CERA reports rising costs are delaying new refinery projects
07-11-07 Energy companies are delaying new refinery and petrochemical projects due to sharply increasing costs for key supplies, consultant Cambridge Energy Research Associates (CERA) said in a report.
The report also pointed to sharp increases in costs related to oil and gas exploration and production. As global energy markets focus on the increasing likelihood that oil will breach $ 100 a barrel, analysts have spotlighted rising capital costs as a constraint on the global energy industry's ability to approve and construct projects to boost supply.
In its report on refining and petrochemicals, CERA said that lead times for more sophisticated equipment have increased up to 50 % in the last 6-12 months. Overall, the analysis shows that a piece of refining equipment that would have cost $ 100 in 2000 would cost $ 166 today.
Higher costs are "beginning to act as drags," causing delays and postponements, CERA said.
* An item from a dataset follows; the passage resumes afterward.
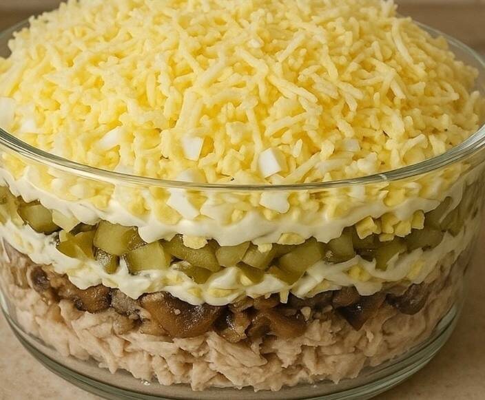 Выкладываем ингредиенты слоями. Каждый слой промазываем майонезом.

Energy companies have announced preliminary plans to build an additional 4 % in
annual new refining capacity, said Jackie Forrest, associate director for downstream capital costs at CERA. But CERA currently estimates the industry will add an average of only 1.7 % annually in new refining capacity over the next five years, a level that Forrest described as "the most optimistic case," given the trends in operating costs.
"The majority of projects haven't been cancelled," Forrest said. "They've been put into a study mode."
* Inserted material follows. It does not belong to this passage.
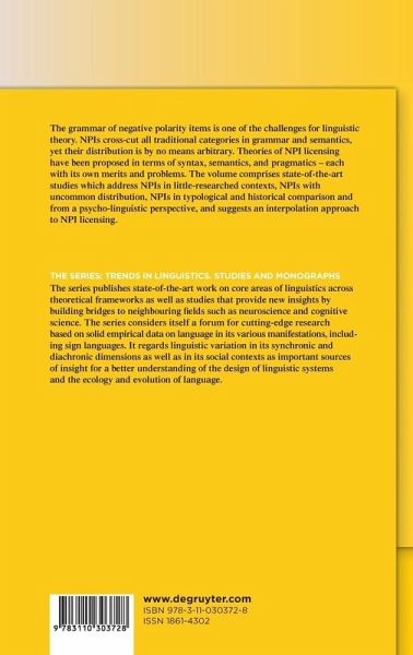 The grammar of negative polarity items is one of the challenges for linguistic theory. NPIs cross-cut all traditional categories in grammar and semantics, yet their distribution is by no means arbitrary. Theories of NPI licensing have been proposed in terms of syntax, semantics, and pragmatics - each with its own merits and problems. The volume comprises state-of-the-art studies and suggests an interpolation approach to NPI licensing.

In its analysis of the upstream -- or exploration and production -- business, CERA said most costs have continued to swell over the last six months. The sharpest increases have been those requiring machining, skilled labour and high-priced raw materials, such as steel.
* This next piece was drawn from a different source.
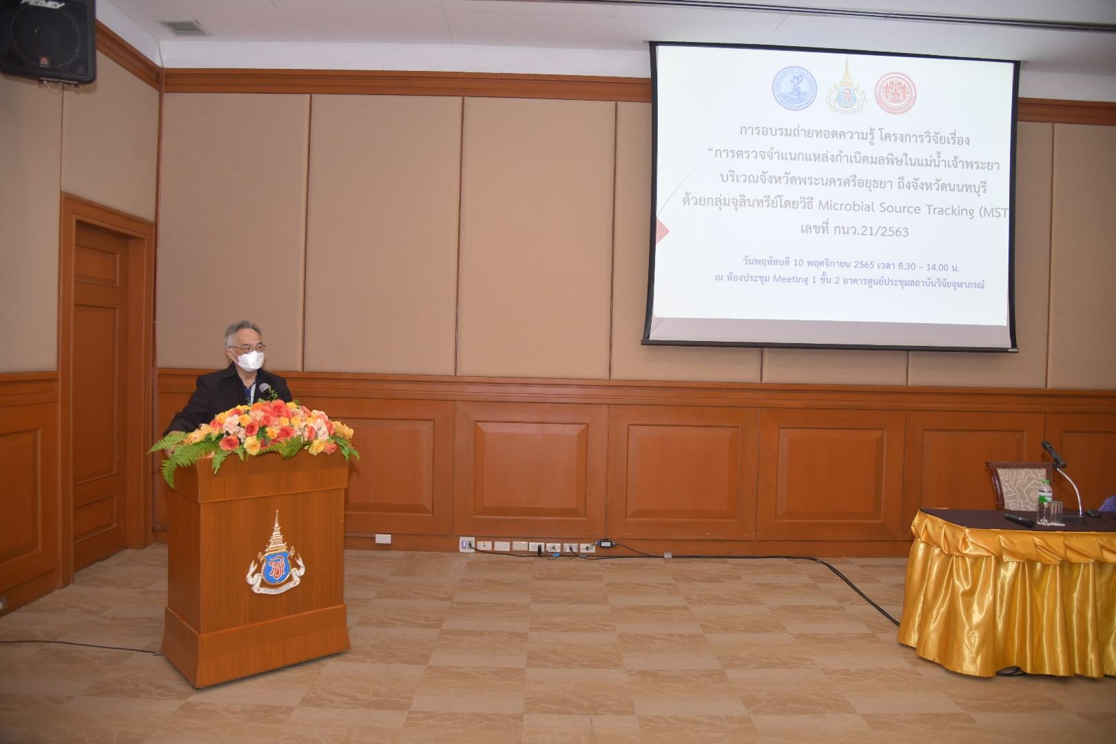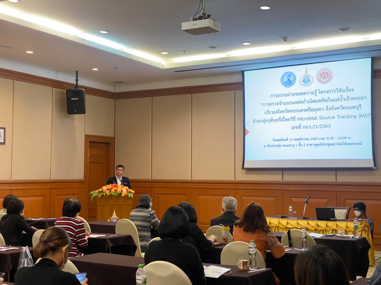 ดร.ขวัญรวี สิริกาญจน นักวิจัยเชี่ยวชาญ ห้องปฏิบัติการวิจัยเทคโนโลยีชีวภาพ หัวหน้าโครงการวิจัยเรื่อง “การตรวจจำแนกแหล่งกำเนิดมลพิษในแม่น้ำเจ้าพระยา บริเวณจังหวัดพระนครศรีอยุธยาถึงจังหวัดนนทบุรี ด้วยกลุ่มจุลินทรีย์โดยวิธี Microbial Source Tracking (MST)” ได้ดำเนินการจัดอบรมถ่ายทอดความรู้จากการดำเนินโครงการวิจัย ให้กับ พนักงานของการประปานครหลวง เมื่อวันที่ 10 พฤศจิกายน 2565 ณ ห้องประชุม Meeting Room 1 ชั้น 2 อาคารศูนย์ประชุมสถาบันวิจัยจุฬาภรณ์

The study pointed to some alleviation in offshore drilling rates, and to weakness in some petroleum sub-sectors, such as the Canadian natural gas market. But these weak areas were more than offset by stiff global competition for supplies and manpower due to heavy investment in the Middle East,
Africa and other regions. The upstream forecast pointed to "continued high costs" into next year, with new capacity in rigs, mines and factories not coming online until the second half of 2008 or later.